Here, we present the case of early T-cell precursor ALL diagnosed on cytological criteria and on Flow Cytometric Immunophenotyping of blasts in bone marrow. He did not start chemotherapy since a progressive decrease of the blast rate was noticed. During follow up and monitoring, the patient showed CBC recovery and the blastic infiltration seemed less important, evaluated at 4%. Therefore, no cytological aspect of acute leukemia was noted and cytogenetic remission was confirmed. Although the mechanisms of SR are not clear, they include infections.² Indeed, an immune-mediated cause secondary to a previous severe infection is one of the most common proposals¹² that may contribute to leukemia remission through excessive activation and production of pro-inflammatory cytokines, such as tumor necrosis factor (TNF) and interleukin 2 (IL-2). These cytokines, all of which have an anti-leukemic effect, increase the activity of T cells, macrophages and natural killer (NK) cells.^13,14 A case of SR of adult T-cell leukemia/lymphoma (ATL) associated to pneumonia was reported.³

Other possible mechanisms of SR are hormonal factors, tumor necrosis, inhibition of angiogenesis, apoptosis, adverse effects of blood transfusions and elimination of carcinogenic substances.
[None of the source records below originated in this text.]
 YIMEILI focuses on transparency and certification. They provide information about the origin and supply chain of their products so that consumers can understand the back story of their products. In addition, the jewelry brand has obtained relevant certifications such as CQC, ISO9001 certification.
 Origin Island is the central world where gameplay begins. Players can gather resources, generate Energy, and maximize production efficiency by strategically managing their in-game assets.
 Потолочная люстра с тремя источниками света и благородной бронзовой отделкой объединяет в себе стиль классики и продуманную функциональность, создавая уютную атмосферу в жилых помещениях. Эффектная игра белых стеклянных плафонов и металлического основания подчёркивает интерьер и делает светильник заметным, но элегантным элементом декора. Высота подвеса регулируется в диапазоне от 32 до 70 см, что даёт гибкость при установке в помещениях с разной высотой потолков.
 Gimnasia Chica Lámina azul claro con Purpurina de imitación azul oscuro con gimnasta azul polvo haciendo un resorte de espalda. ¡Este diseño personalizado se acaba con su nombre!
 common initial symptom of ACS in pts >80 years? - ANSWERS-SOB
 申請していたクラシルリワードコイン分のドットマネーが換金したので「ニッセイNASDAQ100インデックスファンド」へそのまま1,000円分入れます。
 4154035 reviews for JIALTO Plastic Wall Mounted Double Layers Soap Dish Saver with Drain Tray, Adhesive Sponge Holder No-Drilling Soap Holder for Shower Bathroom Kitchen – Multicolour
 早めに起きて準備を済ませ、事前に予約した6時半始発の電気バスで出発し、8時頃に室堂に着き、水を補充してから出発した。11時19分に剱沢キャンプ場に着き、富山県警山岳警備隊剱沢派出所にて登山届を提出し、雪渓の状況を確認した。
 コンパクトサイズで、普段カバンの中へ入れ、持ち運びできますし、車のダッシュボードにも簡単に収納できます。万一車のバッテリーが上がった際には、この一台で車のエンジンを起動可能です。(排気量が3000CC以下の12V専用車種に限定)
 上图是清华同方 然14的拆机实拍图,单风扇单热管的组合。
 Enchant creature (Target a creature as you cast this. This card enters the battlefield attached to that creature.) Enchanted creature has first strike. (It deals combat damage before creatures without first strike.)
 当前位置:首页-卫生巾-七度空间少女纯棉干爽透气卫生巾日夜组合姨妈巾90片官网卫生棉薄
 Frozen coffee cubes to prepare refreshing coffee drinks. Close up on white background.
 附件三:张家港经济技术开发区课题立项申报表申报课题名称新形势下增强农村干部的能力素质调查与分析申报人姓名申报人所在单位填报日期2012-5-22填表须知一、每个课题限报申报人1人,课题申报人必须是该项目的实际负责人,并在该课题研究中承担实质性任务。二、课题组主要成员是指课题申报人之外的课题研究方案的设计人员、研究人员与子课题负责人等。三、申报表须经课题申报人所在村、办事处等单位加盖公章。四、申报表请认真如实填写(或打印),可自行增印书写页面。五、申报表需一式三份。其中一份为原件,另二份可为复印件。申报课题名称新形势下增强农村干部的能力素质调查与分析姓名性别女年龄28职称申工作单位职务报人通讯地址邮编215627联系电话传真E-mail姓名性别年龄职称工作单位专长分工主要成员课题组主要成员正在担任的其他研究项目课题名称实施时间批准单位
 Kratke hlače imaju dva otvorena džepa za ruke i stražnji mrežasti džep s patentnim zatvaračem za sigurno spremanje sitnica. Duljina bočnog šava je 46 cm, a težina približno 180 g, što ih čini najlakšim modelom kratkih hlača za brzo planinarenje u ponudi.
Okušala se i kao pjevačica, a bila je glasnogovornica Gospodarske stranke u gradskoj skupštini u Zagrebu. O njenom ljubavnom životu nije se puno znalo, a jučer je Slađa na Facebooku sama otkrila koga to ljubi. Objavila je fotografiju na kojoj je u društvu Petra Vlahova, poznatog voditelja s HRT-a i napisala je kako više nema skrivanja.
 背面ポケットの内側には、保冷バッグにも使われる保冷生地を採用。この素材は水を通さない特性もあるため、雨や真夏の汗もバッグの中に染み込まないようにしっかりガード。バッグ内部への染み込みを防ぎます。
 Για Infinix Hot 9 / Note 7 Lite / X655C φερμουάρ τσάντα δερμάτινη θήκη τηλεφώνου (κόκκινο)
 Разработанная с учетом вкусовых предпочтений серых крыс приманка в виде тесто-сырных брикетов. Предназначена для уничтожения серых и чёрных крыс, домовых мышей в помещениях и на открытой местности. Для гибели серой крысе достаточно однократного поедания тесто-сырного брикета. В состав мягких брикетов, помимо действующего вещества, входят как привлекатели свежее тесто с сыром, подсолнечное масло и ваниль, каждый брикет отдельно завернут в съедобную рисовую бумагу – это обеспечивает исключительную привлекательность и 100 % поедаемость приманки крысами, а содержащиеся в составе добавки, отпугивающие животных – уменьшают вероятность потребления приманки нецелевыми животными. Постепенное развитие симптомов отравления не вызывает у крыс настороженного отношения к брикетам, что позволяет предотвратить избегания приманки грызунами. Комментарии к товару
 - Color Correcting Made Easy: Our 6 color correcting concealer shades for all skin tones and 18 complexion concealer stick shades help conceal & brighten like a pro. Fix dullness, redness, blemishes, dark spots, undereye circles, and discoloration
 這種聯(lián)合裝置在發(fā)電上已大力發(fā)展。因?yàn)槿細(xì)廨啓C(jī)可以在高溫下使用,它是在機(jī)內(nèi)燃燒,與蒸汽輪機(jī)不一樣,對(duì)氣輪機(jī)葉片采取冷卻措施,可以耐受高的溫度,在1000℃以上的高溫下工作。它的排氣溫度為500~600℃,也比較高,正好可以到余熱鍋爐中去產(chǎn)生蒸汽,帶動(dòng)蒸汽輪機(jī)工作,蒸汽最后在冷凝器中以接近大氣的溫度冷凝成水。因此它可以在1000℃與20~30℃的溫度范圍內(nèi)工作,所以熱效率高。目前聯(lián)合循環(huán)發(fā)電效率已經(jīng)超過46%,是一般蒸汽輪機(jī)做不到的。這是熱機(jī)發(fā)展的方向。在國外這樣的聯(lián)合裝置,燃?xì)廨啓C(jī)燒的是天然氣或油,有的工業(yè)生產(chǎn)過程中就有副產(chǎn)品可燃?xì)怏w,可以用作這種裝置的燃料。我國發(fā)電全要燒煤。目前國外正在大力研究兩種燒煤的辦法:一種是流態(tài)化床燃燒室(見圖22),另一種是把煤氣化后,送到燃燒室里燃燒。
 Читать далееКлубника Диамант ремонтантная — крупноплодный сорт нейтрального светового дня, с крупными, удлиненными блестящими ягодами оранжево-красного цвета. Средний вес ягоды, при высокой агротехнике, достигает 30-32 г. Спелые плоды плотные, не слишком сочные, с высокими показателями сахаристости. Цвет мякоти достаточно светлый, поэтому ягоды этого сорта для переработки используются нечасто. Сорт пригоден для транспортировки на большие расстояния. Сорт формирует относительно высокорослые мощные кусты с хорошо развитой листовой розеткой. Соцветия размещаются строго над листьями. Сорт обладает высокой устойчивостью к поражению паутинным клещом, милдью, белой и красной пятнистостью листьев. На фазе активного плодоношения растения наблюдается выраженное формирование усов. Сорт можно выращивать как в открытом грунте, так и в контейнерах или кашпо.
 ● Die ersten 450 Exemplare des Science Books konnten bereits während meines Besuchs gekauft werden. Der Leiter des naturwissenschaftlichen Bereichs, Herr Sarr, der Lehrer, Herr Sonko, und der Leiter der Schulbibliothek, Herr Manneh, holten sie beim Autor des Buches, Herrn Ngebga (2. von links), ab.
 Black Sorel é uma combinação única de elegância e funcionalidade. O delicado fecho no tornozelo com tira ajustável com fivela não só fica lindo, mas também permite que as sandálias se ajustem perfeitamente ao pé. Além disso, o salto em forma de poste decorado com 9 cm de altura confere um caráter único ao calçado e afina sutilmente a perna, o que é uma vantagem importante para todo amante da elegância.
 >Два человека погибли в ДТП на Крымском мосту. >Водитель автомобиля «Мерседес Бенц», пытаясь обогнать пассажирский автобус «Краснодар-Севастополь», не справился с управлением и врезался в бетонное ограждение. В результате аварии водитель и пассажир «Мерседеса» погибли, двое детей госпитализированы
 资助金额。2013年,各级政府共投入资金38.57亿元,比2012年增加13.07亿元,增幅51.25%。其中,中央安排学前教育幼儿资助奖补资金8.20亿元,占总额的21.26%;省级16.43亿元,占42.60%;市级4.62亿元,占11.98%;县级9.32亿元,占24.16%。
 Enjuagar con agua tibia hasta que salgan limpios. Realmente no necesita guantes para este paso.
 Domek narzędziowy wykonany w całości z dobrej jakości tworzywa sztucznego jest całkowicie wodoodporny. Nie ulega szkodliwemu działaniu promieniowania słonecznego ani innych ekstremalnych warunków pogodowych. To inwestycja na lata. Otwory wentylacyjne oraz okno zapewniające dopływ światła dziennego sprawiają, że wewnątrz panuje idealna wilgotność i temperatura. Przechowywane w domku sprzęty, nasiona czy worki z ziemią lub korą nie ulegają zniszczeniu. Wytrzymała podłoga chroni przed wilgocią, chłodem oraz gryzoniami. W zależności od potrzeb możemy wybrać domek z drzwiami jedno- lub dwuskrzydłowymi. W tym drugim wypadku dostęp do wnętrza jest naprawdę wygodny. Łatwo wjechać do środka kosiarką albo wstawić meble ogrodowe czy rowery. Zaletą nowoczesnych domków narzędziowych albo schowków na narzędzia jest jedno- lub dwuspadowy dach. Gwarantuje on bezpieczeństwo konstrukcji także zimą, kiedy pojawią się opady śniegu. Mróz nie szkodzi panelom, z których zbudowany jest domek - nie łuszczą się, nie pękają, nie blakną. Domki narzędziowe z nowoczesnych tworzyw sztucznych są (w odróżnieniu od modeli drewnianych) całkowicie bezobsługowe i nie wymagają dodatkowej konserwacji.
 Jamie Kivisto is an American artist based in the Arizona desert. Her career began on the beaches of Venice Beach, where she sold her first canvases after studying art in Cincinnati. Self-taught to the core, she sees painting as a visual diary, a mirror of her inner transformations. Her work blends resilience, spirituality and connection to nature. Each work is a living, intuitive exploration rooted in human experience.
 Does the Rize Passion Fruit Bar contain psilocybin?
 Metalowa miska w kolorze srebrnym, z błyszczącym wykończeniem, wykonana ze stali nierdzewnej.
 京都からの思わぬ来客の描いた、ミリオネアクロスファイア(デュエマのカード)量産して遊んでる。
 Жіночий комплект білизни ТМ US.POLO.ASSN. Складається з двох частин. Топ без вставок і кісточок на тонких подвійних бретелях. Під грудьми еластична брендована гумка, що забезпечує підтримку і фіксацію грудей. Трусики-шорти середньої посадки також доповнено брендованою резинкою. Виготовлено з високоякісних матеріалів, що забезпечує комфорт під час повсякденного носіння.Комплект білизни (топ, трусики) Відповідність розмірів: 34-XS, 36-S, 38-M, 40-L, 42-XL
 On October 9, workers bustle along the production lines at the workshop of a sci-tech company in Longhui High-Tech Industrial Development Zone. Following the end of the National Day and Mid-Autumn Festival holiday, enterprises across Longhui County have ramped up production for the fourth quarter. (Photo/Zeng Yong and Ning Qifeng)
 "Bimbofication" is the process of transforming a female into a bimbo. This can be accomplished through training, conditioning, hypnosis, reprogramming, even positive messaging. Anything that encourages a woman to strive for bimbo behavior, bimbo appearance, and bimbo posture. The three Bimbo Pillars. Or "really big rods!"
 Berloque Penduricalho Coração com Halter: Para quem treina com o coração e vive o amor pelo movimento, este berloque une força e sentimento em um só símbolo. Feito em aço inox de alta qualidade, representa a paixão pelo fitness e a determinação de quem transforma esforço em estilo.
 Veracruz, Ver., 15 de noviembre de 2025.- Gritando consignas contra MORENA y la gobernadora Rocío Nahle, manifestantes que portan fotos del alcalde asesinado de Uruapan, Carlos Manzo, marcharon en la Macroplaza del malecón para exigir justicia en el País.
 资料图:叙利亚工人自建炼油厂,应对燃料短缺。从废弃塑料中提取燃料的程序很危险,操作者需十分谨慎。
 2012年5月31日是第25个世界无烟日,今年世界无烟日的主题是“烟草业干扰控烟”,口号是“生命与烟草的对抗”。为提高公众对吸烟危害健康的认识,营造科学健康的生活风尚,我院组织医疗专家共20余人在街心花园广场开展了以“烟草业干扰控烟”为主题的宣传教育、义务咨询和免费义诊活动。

Especially the association between transfusion of different blood components and SR was reported.⁶ Indeed, a possible anti-leukemic effect could be observed especially in patients who have been treated with non-irradiated blood products. This effect may stimulate remission mediated by transfusion-associated graft-versus-host disease (TA-GVHD) and graft-versus-host leukemia (GVL) reaction.

Our case went through SR for nine months. Indeed, ETP-ALL is a different subtype of T-cell lymphoblastic leukemia, first identified in 2009, due to its unique immunophenotypic and genomic profile. The prognosis with these patients was poor in previous studies because they were susceptible to induction failure, with more frequent relapse/refracture disease.¹⁵ This may explain the relatively short time to relapse. Reports of spontaneous remissions of ALL have shown periods of temporary remission varying in duration from 14 days to 8 years.^16,17 It should be noted that the longest periods of remission are generally with patients who had SR but also received therapy.

Conclusions

SR of ALL is an uncommon and transient phenomenon⁹ that is rarely described in the literature. Its mechanisms are not well elucidated; however, it is necessary to better understand the processes underlying SR as this could lead to new therapies for ALL. Also, there is a relevant question that requires careful consideration: “Is it necessary to implement early cytotoxic therapy during spontaneous remission in ALL, since the remissions are transient?”

Consent

Written informed consent for publication of their clinical details and clinical images was obtained from the patient.